Both you and Dr. MTF (man, you physicians are a hard bunch to please wink ) have said that you feel that Opus 8 (MTF, forgive me if my paraphrase inaccurately captures your perspectives) is a lapse from the aesthetic and presentation standards of previous models in the Opus line and is a departure from the haute de gamme values which the Opus line is supposed to represent.

Now, with respect to your most recent post, Dr.
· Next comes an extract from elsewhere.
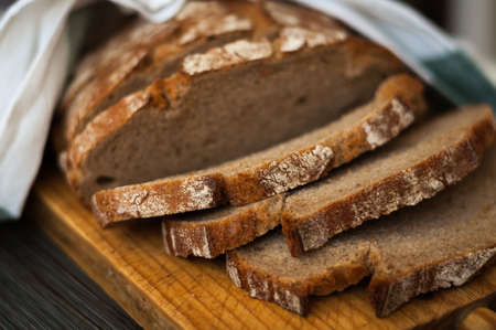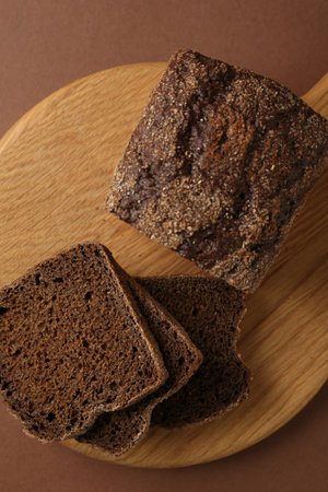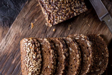 Sliced rye bread on cutting board. Whole grain rye bread with seeds.
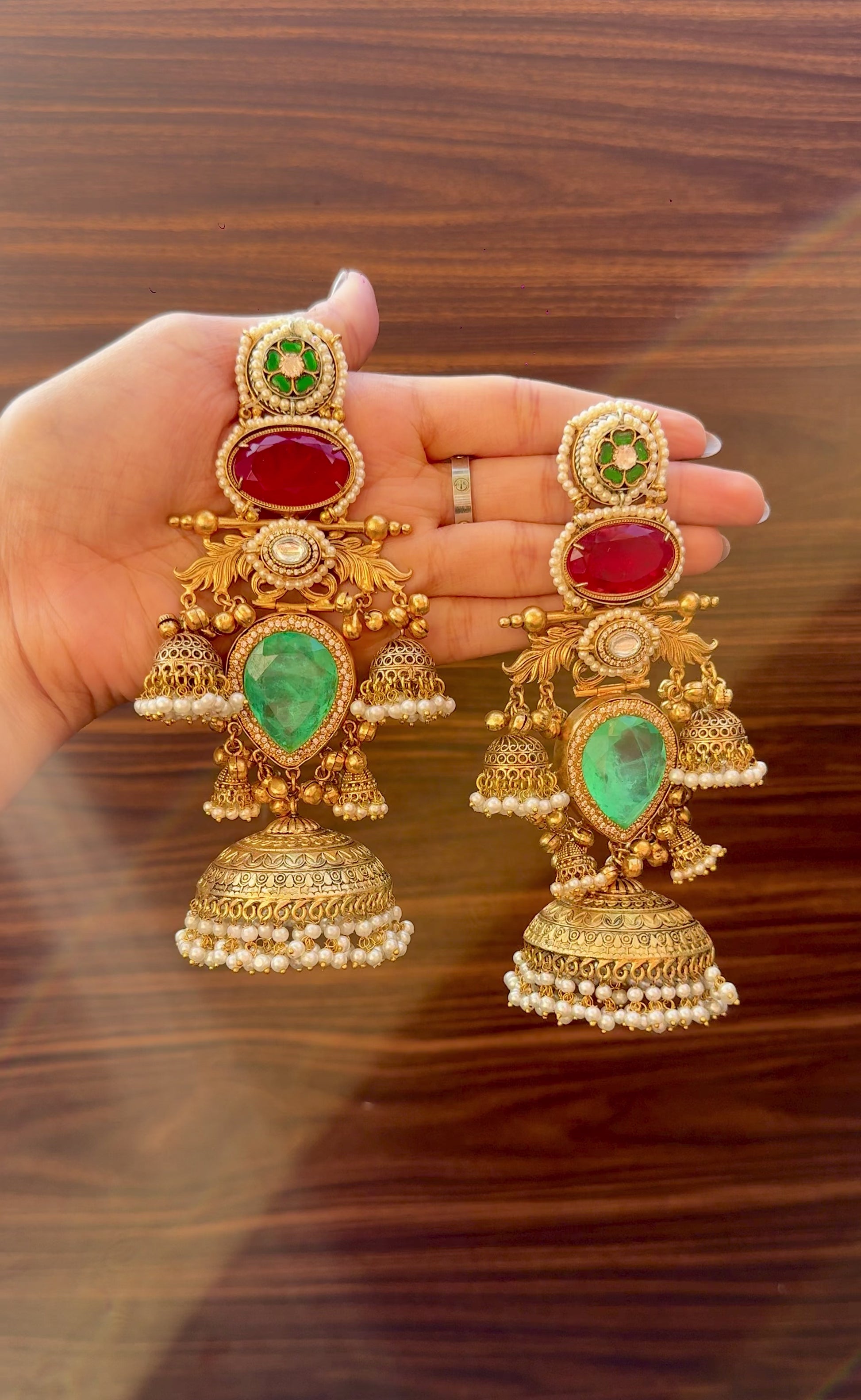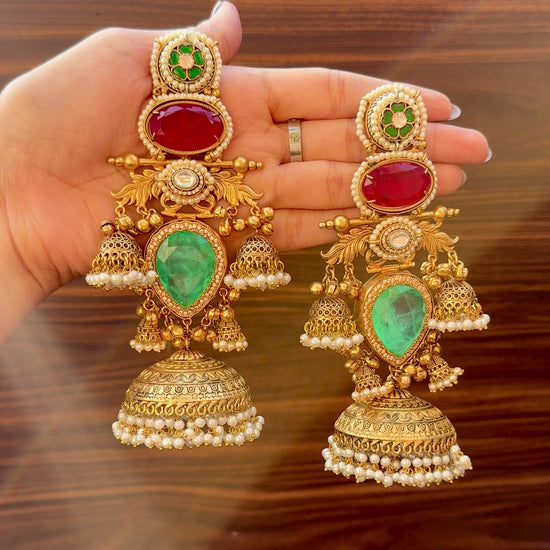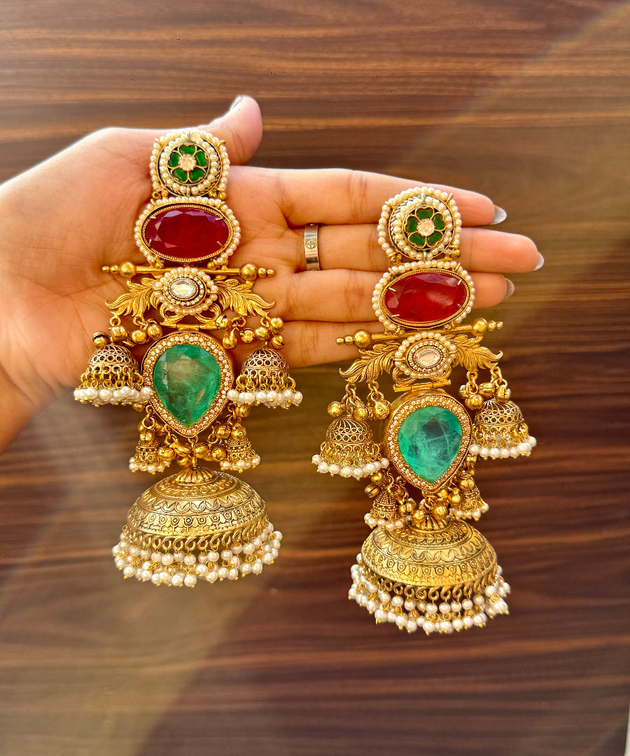 A stunning fusion of red and green hues, these long earrings radiate pure festive charm. The classic colour combination paired with intricate detailing makes them a perfect match for weddings, sangeet and traditional celebrations.

Cheong, what seems to really rub you the wrong way about Opus 8 is not that it's technically undistinguished (we all seem to be in agreement that in terms of a clever implementation of a time display, purely from a technical perspective, it's quite remarkable- and BTW to pull it off in so short a period of time is nothing short of incredible, JIMVHO) but simply that it looks too much like what you have come to reflexively view as a cheap watch.

This case shape and type of time display is firmly embedded in your mind as a low end, low rent, low aspiration formal language which is unsuitable for the Opus line.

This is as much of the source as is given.